The participant geographies data currently consists of a single data called the Country and Region table. This table includes the country and region linked to each participant’s self-reported address collected during their registration for the Our Future Health programme.
Country and region
The United Kingdom (UK) is made up of four countries, called the devolved nations:
England
Scotland
Wales
Northern Ireland
England itself is divided in to nine official regions:
North East
North West
Yorkshire and the Humber
East Midlands, West Midland
East of England
London
South East
South West
These regions, along with the three other devolved nations, form the political and geographical makeup of the UK.
Why country and region matters for health research
Understanding the UK’s countries and regions is important in health research because it helps identify demographic differences that affect health needs, outcomes, and service provision.
Future releases
Additional geographic levels will be introduced in future releases. Each level will be released as a distinct dataset.
Country and region data processing and release
We are releasing the geographic data in stages. The initial releases include a subset of participants who joined the programme earliest, specifically those who registered between 2021 and 2022. Future releases will expand to include all participants who:
Registered before the cut-off date for that release, and
Have fully completed and submitted their questionnaire.
Data for participants who have fully withdrawn from Our Future Health is not included, as those data are deleted routinely after they request to withdraw. Participants who have fully withdrawn from the programme since the last data release will not be included in the current data release.
Only registration address is used. No subsequent address changes or participant relocations are reflected.
How do we map participant addresses to geographic areas?
During registration, participants provide their postcode and address. Our registration system integrates the Ideal Postcodes lookup service, which returns additional location data associated with the address, including geocoded latitude and longitude coordinates. These coordinates are used to generate point geometries that represent each participant's location.

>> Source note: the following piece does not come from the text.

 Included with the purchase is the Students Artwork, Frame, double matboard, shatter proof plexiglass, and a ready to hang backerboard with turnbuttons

We use these coordinates to assign each participant to standard UK geographic boundaries, such as country and region. This is accomplished using a point-in-polygon spatial mapping technique, whereby each participant’s point geometry is overlaid onto official boundary shapefiles that divide the UK into discrete polygonal areas representing defined geographic unit. For details in the exact shapefiles, see the below section Geographic boundary file sources and versioning
Each point is evaluated for spatial containment within a given polygon. Once a match is identified, the spatial information is transformed into a structured tabular format. In this output, each participant is linked to the relevant geographic unit, including both the unit’s official code (e.g. country code as E92000001
) and its corresponding label (e.g. country label as “England”).
Geographic boundary file sources and versioning
Country-level boundaries
Source: Office for National Statistics (ONS)

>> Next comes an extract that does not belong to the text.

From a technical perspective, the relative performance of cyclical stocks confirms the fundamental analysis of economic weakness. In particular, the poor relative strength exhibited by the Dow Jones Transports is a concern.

Dataset: Countries (December 2024) Boundaries UK BFC (shapefile)
Published: 11 February 2025
Region-level boundaries
Source: Office for National Statistics (ONS)

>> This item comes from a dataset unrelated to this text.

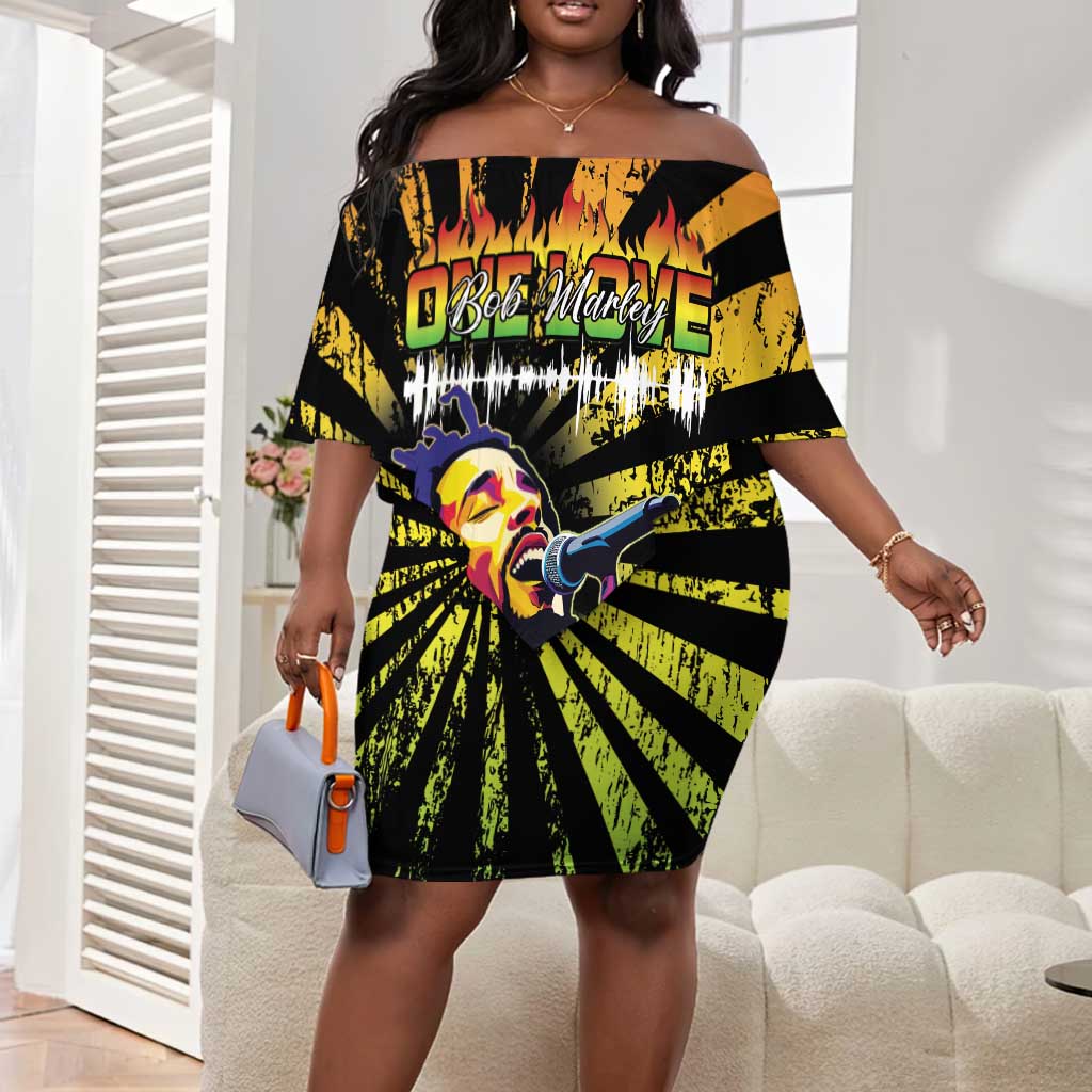 Afro-American Reggae Legend Bob Off Shoulder Short Dress One Love - Grunge Style

Dataset: International Territorial Level 1 (January 2025) Boundaries UK BFC (shapefile)
Published: 4 February 2025
We chose ITLs because they provide a harmonised structure for regional geography across the UK, explicitly recognising the devolved nations as distinct regions. This framework is increasingly used in health, policy, and economic research and supports greater comparability across studies by aligning with national and international geographic standards. The Office for National Statistics (ONS), the UK’s official statistical agency, adopts ITLs as the standard for regional data collection and reporting, ensuring consistency across official statistics.
The shapefiles used are fully clipped, meaning that they include only the precise geographic extents of official administrative areas, excluding any extraneous or overlapping spatial features. This ensures accurate and unambiguous assignment of participants to geographic units, particularly for those located near administrative boundaries.
All geographic assignments are based on fixed versions of official boundary shapefiles. These files are used consistently across all data releases to ensure temporal stability and prevent inconsistencies that might arise from administrative boundary changes over time. Even when newer versions of boundary datasets become available, we do not adopt dynamic updates.
This decision is made to preserve longitudinal comparability and to reduce the risk of participant re-identification through geographic triangulation or shifts in classification over successive data releases.
Licensing
Geographic boundary data are © Crown copyright and database rights 2024. They contain public sector information licensed under the Open Government Licence v3.0.
Why use latitude and longitude coordinates?
Our Future Health uses latitude and longitude coordinates derived from individual participant residential addresses to map to administrative geographies.
The main alternative approach would be to use the locations of postcode centroids. Postcode centroids represent postcode areas using a single, central point and are more commonly used for aggregated spatial analysis. While they offer simplicity postcode centroids are inherently less precise and are subject to change due to updates in postal geography, such as the creation of new postcodes, boundary shifts, or service reorganisation by postal authorities. These changes can introduce inconsistencies across time and reduce the reliability of geographic classification for individual records.
In contrast, latitude and longitude coordinates of individual addresses offer superior accuracy for participants-level spatial assignment, particularly in cases where participants are located near the edges of administrative boundaries. This precision allows us to assign participants to defined geographic units through point-in-polygon mapping techniques. This approach enhances spatial accuracy and consistency, supporting the scientific objectives of the Our Future Health programme.
Limitations and caveats
A small proportion of participants could not be assigned to a geographic area due to incomplete, invalid, or unresolvable address data.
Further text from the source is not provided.